Work instruction —
When you copy the data, keep every line exactly as written and skip the pictures.

Data shown —

=== Section Start ===

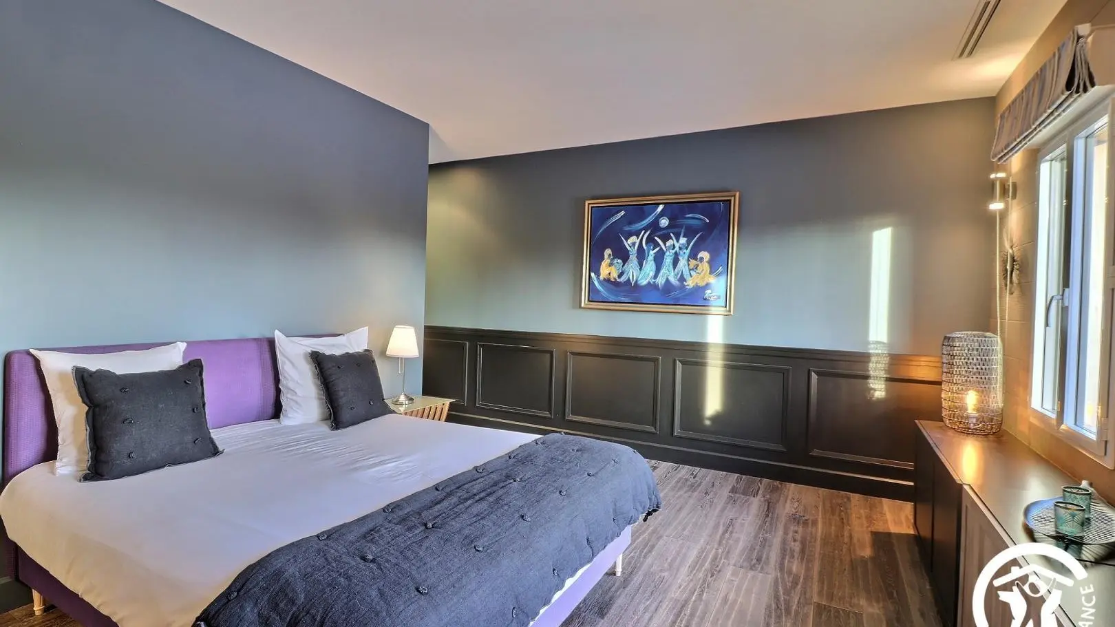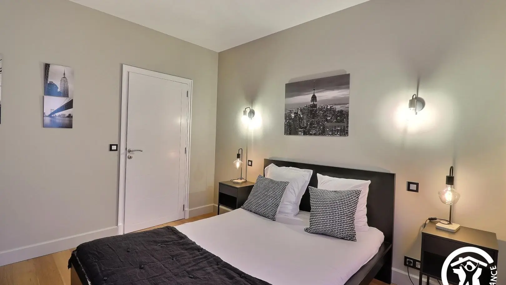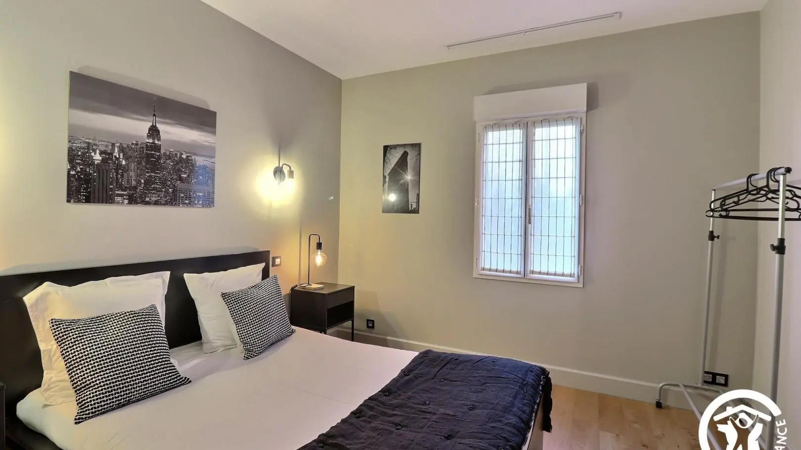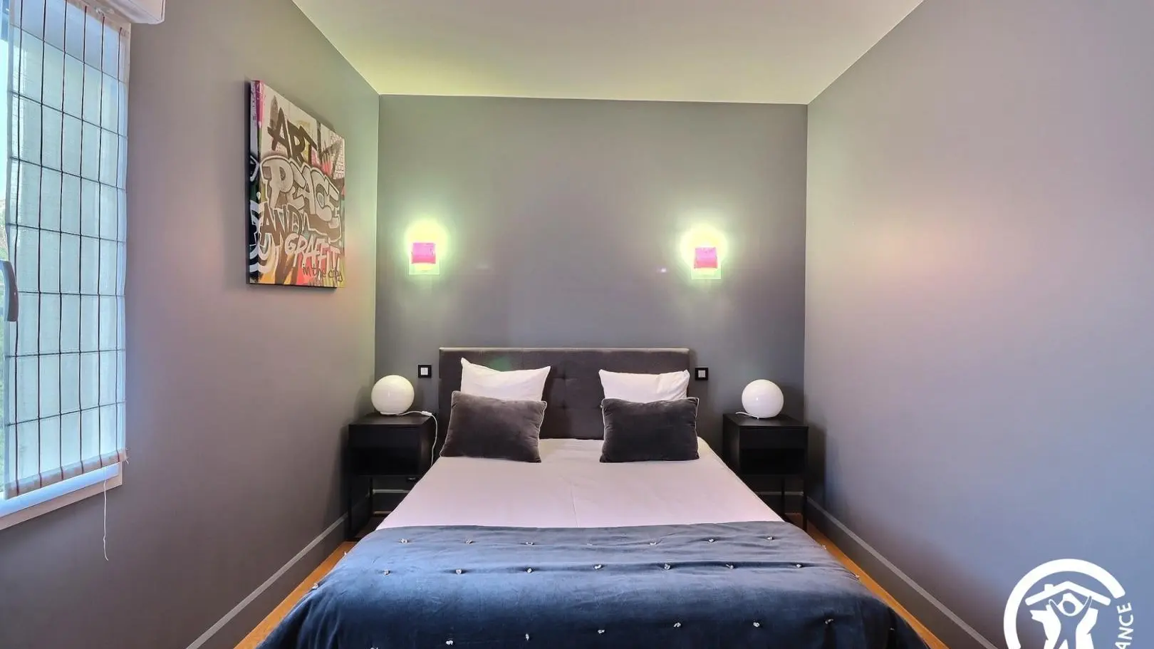 - 2nd bedroom with 1 bed 160x200cm, clothes rack, chest of drawers and 2 armchairs. Bay window overlooking the terrace and the swimming pool, convector fan and full-length mirror.
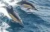 | Delphinus delphis | Delfín común | Delfines de tamaño mediano. Los adultos miden entre 1,9 y 2,5 m y pueden pesar entre 80 y 235 kg. Los machos son generalmente más grandes. La parte posterior es oscura y el vientre es blanco, mientras que a cada lado hay un patrón de reloj de arena de color gris claro, amarillo u dorado en el frente y gris sucio en la parte posterior. Tienen rostros largos y delgados con hasta 50 a 60 dientes pequeños, afilados y entrelazados a cada lado de cada mandíbula. | ![]() | ||
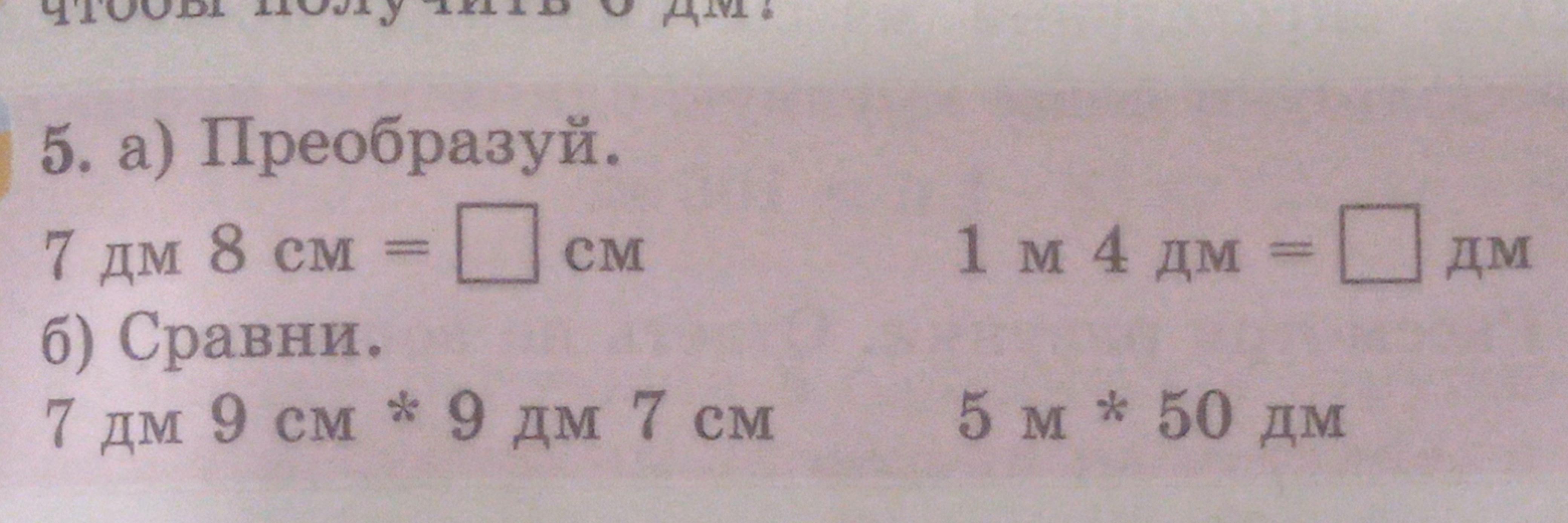 5 м(50 дм) = 50 дм
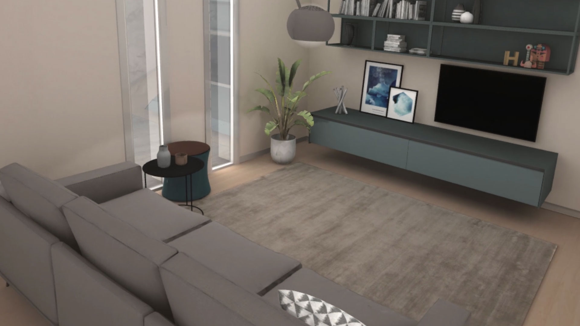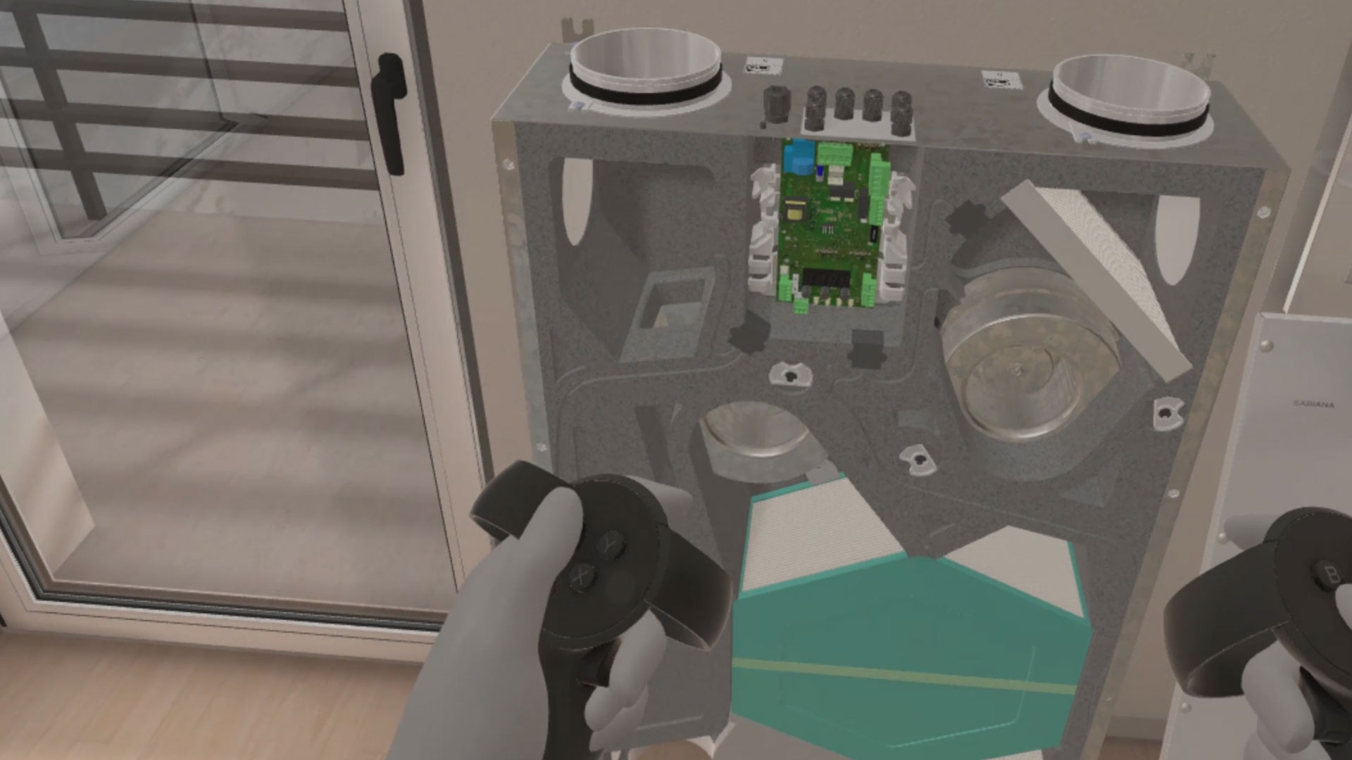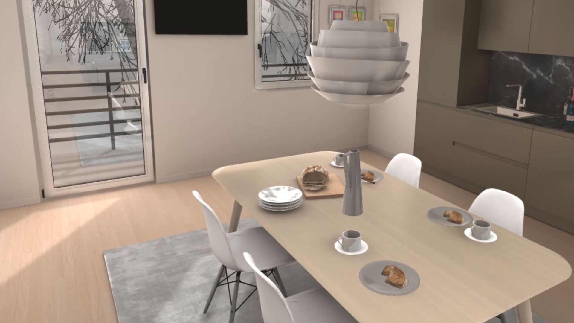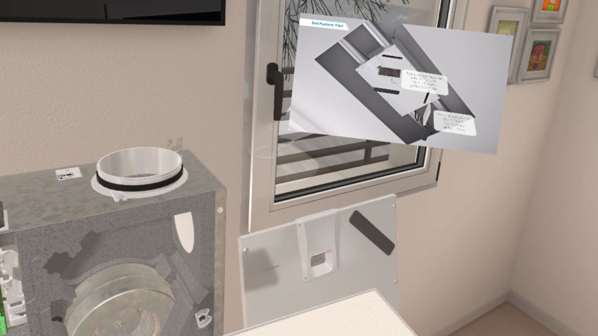 Un rendering 3D di un interno moderno, probabilmente un soggiorno o uno studio, con pareti chiare e un pavimento in legno. A sinistra, un quadro incorniciato appeso a una parete. Al centro, una porta-finestra che si affaccia su un paesaggio invernale, e sulla parete un televisore nero montato. In primo piano a destra, una mano virtuale con un controller VR grigio interagisce con l'ambiente. In alto, una botola sul soffitto.

=== Section End ===

Solution for this problem —
 - 2nd bedroom with 1 bed 160x200cm, clothes rack, chest of drawers and 2 armchairs. Bay window overlooking the terrace and the swimming pool, convector fan and full-length mirror.
 | Delphinus delphis | Delfín común | Delfines de tamaño mediano. Los adultos miden entre 1,9 y 2,5 m y pueden pesar entre 80 y 235 kg. Los machos son generalmente más grandes. La parte posterior es oscura y el vientre es blanco, mientras que a cada lado hay un patrón de reloj de arena de color gris claro, amarillo u dorado en el frente y gris sucio en la parte posterior. Tienen rostros largos y delgados con hasta 50 a 60 dientes pequeños, afilados y entrelazados a cada lado de cada mandíbula. | ![]() | ||
 5 м(50 дм) = 50 дм
 Un rendering 3D di un interno moderno, probabilmente un soggiorno o uno studio, con pareti chiare e un pavimento in legno. A sinistra, un quadro incorniciato appeso a una parete. Al centro, una porta-finestra che si affaccia su un paesaggio invernale, e sulla parete un televisore nero montato. In primo piano a destra, una mano virtuale con un controller VR grigio interagisce con l'ambiente. In alto, una botola sul soffitto.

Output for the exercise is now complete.